Melanie Gosling

Environment Writer

NEW research indicates that the drier winters caused by climate change could spell the end for the Cape’s unique fynbos.

UCT researcher Mike Meadows, from the department of environment and geographical science, one of the international team who did the research, said in a statement that future drier conditions and the increased risk of fire could put fynbos at risk of extinction.

“These plants are tough and they are already used to dry conditions, but further aridity could make fires more frequent, which could damage the soils and make it even harder for the native plants to survive here.

“Unfortunately, this is their only native habitat, so such a change here might eventually threaten their very existence,” Meadows said.

The team’s findings support what sophisticated climate models had been suggesting would happen in the Cape in the future.

With the build-up of greenhouse gases, global temperatures will rise. This in turn will have an effect on the westerly winds that bring the Cape its rainfall.

This band of westerly winds that circles the Antarctic shifts with the seasons: in the cooler months it moves north over the Cape, bringing winter rainfall and in the summer it moves south, where the rain falls over the ocean.

Many climate models suggest the global increase in temperatures will force these westerly winds to move towards the Antarctic during this century – a trend which has already been observed, meaning a drier Cape. Now the research Meadows and colleagues have done supports this prediction.

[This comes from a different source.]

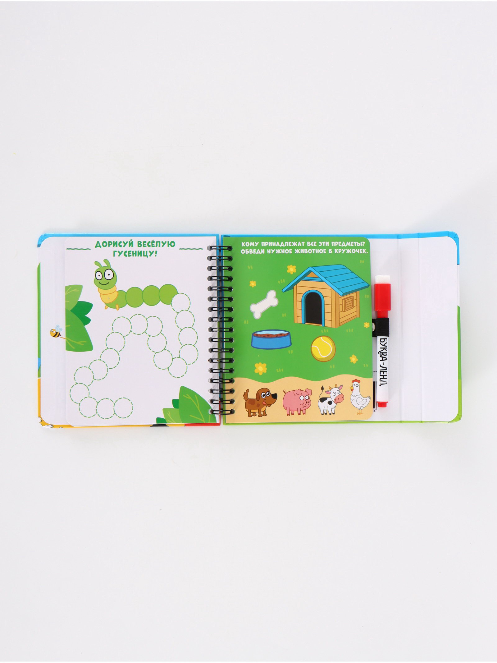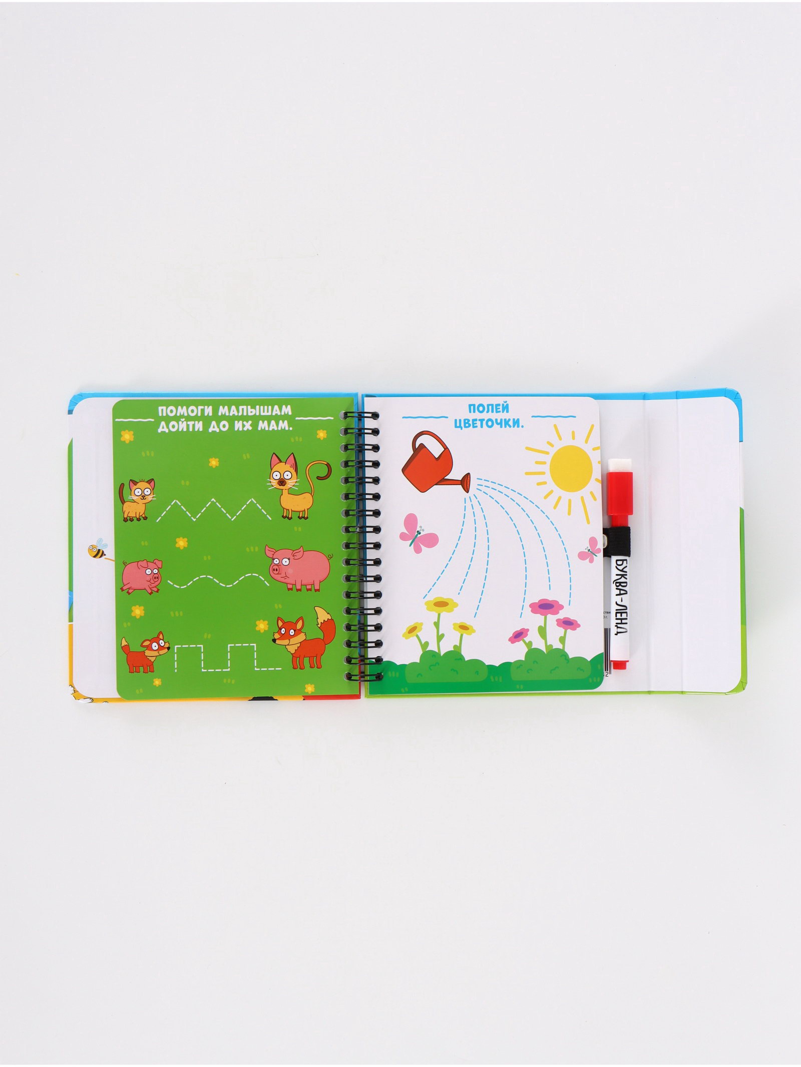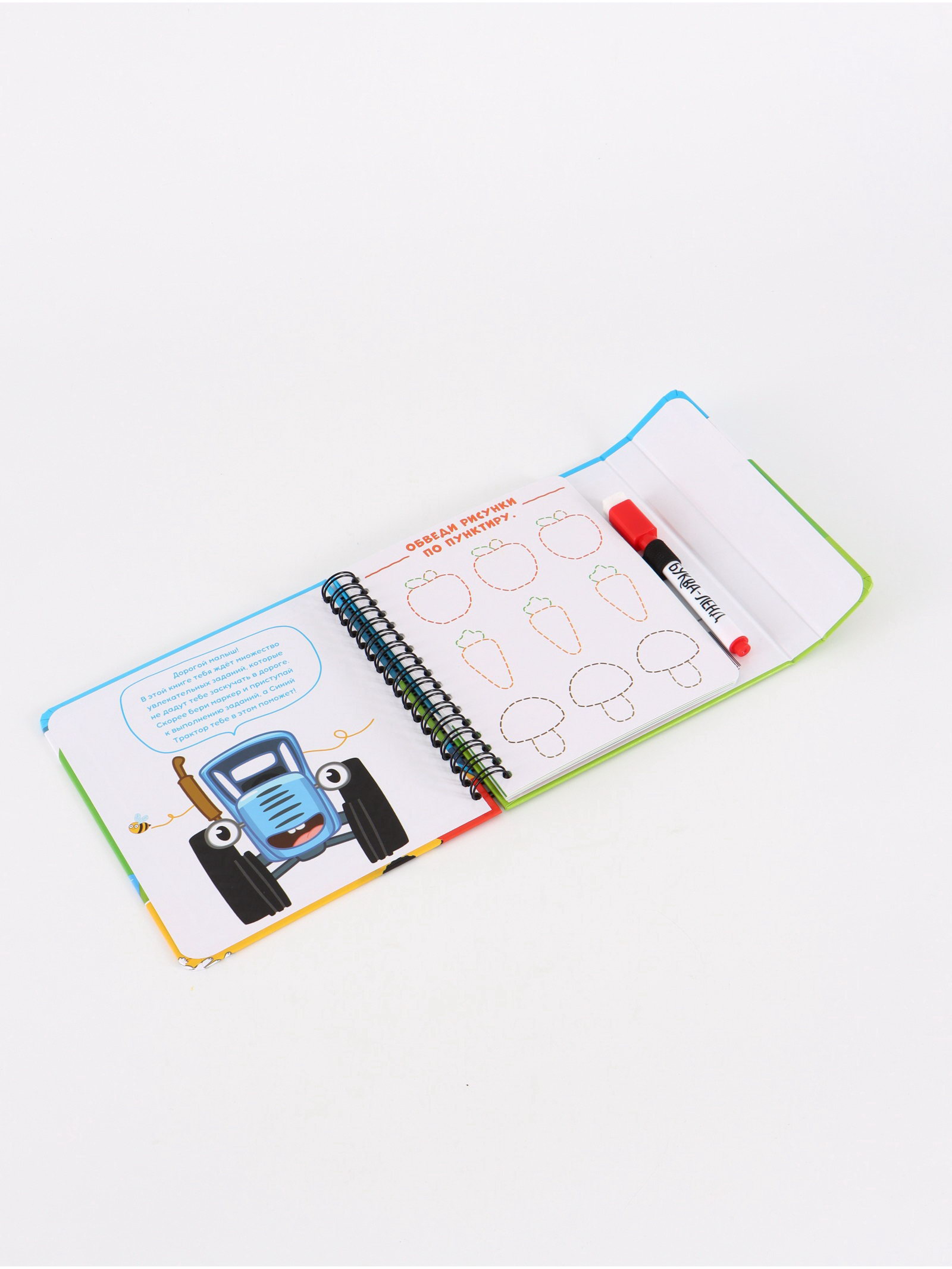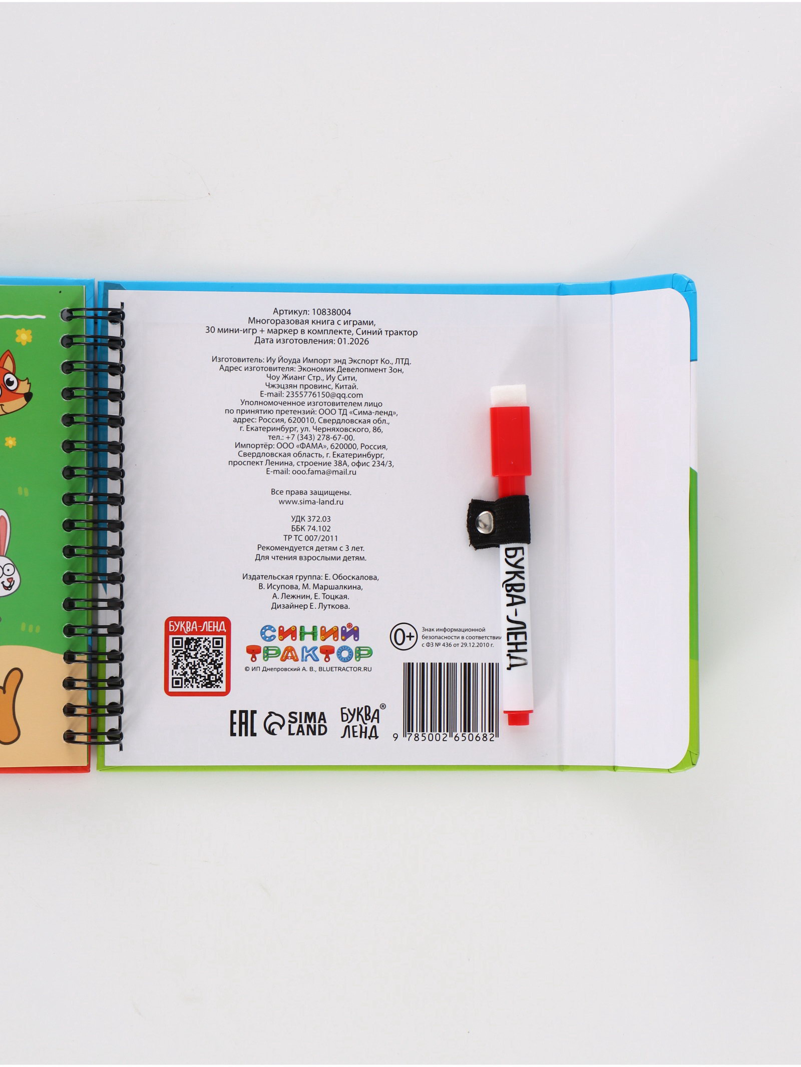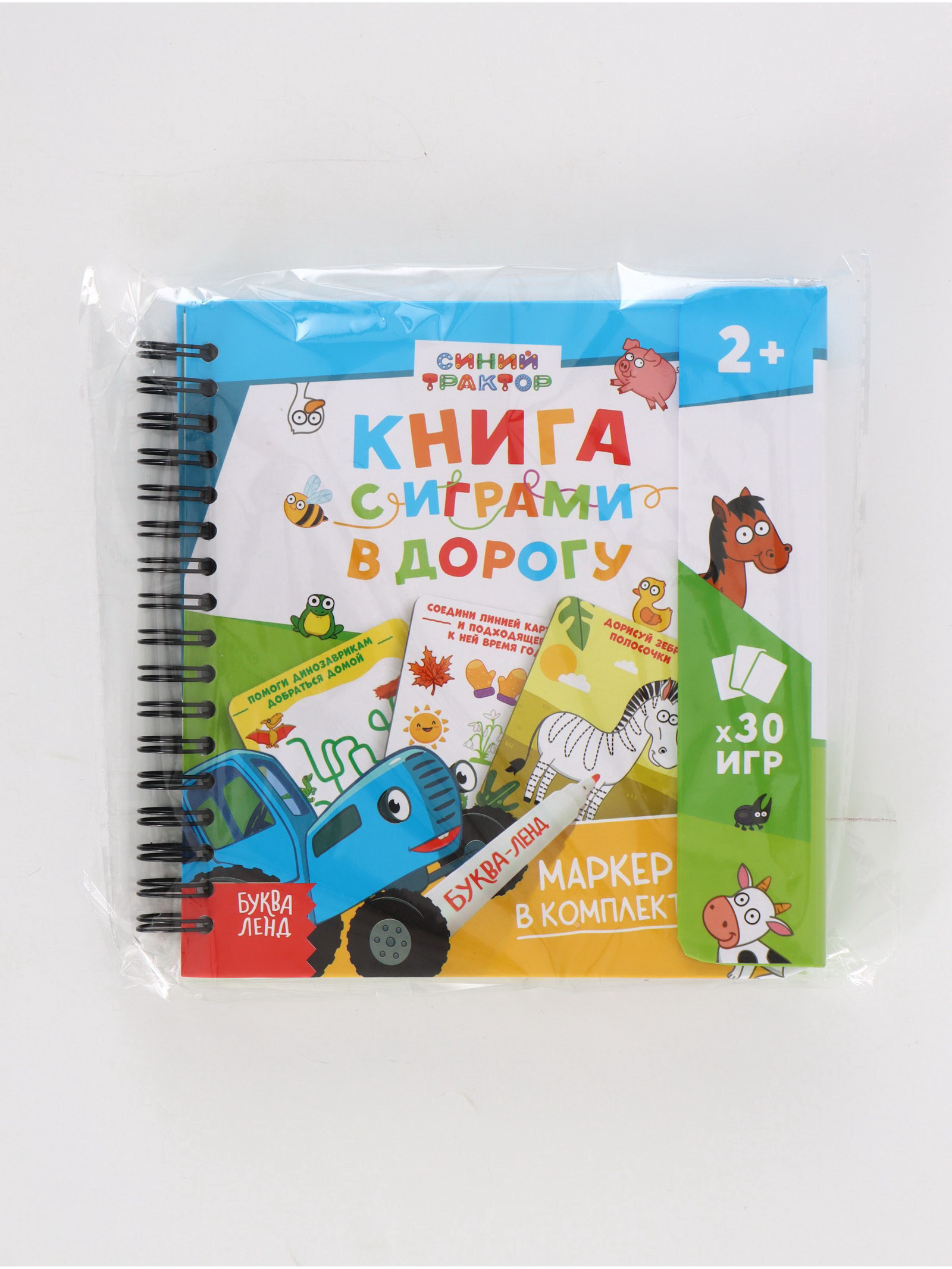Многоразовая книга с играми 30 мини-игр + маркер, 16x16x1 см., Синий трактор, Китай

Meadows took sediment cores at Verlorenvlei near Eland’s Bay on the West Coast, and by examining diatoms, tiny single-cell algae in the cores, was able to reconstruct past rainfall patterns at the site going back 1 800 years.

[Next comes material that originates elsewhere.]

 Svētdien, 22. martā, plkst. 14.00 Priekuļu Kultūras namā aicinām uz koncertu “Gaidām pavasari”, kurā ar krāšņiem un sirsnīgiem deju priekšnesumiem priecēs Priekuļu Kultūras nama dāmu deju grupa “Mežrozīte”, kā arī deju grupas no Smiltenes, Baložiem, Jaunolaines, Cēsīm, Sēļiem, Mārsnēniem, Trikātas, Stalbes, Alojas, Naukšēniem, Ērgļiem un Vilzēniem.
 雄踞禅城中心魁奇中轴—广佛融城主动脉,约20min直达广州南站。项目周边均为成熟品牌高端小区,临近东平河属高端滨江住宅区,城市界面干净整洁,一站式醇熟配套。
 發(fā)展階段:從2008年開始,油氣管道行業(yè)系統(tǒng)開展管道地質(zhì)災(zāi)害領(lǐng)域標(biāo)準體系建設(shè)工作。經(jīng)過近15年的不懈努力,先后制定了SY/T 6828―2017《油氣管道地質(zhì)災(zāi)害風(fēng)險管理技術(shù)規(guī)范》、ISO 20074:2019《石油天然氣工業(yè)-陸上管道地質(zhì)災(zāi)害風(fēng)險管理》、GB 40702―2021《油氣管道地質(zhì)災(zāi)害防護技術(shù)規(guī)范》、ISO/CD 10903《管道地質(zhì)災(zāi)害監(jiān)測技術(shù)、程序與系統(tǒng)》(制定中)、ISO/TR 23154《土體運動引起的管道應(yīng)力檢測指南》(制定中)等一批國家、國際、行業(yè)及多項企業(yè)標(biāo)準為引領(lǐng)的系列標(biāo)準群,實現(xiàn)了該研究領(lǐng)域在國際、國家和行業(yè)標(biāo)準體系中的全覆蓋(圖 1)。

They then looked at data from ice cores taken in the Antarctic, to test their assumption that the changes in rainfall at Verlorenvlei had been linked to ancient changes in the movement of the westerly winds towards the poles. They found that this was the case.

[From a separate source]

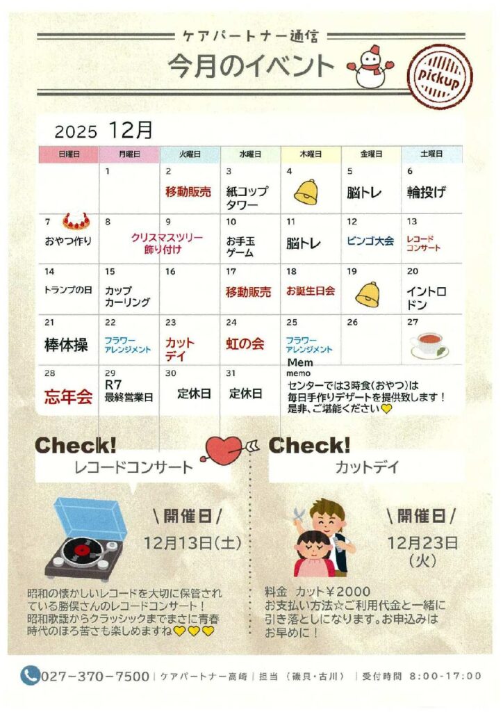 | 高崎センターの特徴 | ①【機能訓練がたいせつ】トレーニグマシン3機種配備、介護予防体操も好評いただいております。水圧式マッサージ器・フットマッサージャー等快適なリラクゼーションもお楽しみいただけます。 ②【医療対応がたいせつ】常勤の看護師が2名在籍しており、お客様の健康状態の確認、服薬管理、口腔ケア、医療処置・対応が充実しております。経管栄養・痰吸引・在宅酸素等幅広く対応しております。認知症サポーターも在籍しております。 ③【美味しい食事がたいせつ】栄養バランスの良い昼食(2種より主菜をお選びいただけます・おもてなし御膳・郷土料理)・バリエーションの3時食・おたのしみ夕食弁当(ご家族様分もお届けします)すべてカロリーや塩分制限、おかゆや刻み食の対応しております。 |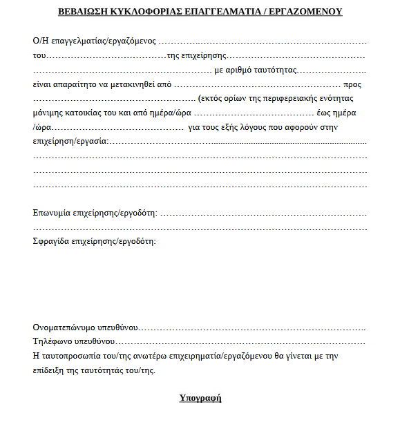 Για τις μετακινήσεις των επιχειρηματιών και των εργαζομένων τους, εκτός νομού Κορινθίας, για επαγγελματικές ανάγκες, είναι απαραίτητη η συμπλήρωση της παρακάτω βεβαίωσης.

Guy Midgley, from the SA National Botanical Institute, said yesterday one of the strengths of the research was that it had increased the confidence of the climate model projections, which suggested that the Cape would become more arid.

“The Verlorenvlei cores extend the rainfall record back to 1 800 years. We’ve been keeping rainfall records for around only 100 years. One of the key things is if the westerlies move south, it switches off the winter rainfall. Not a 10 percent reduction, it’s just not there,” Midgley said.

The research should be seen as a warning, he said.

“This will not affect only fynbos, but water supplies, agriculture and people’s lives. It will be very difficult for Cape Town to adapt to those changes. But this is not set in stone: if the world is able to get greenhouse gas emissions under control, we can avoid that.”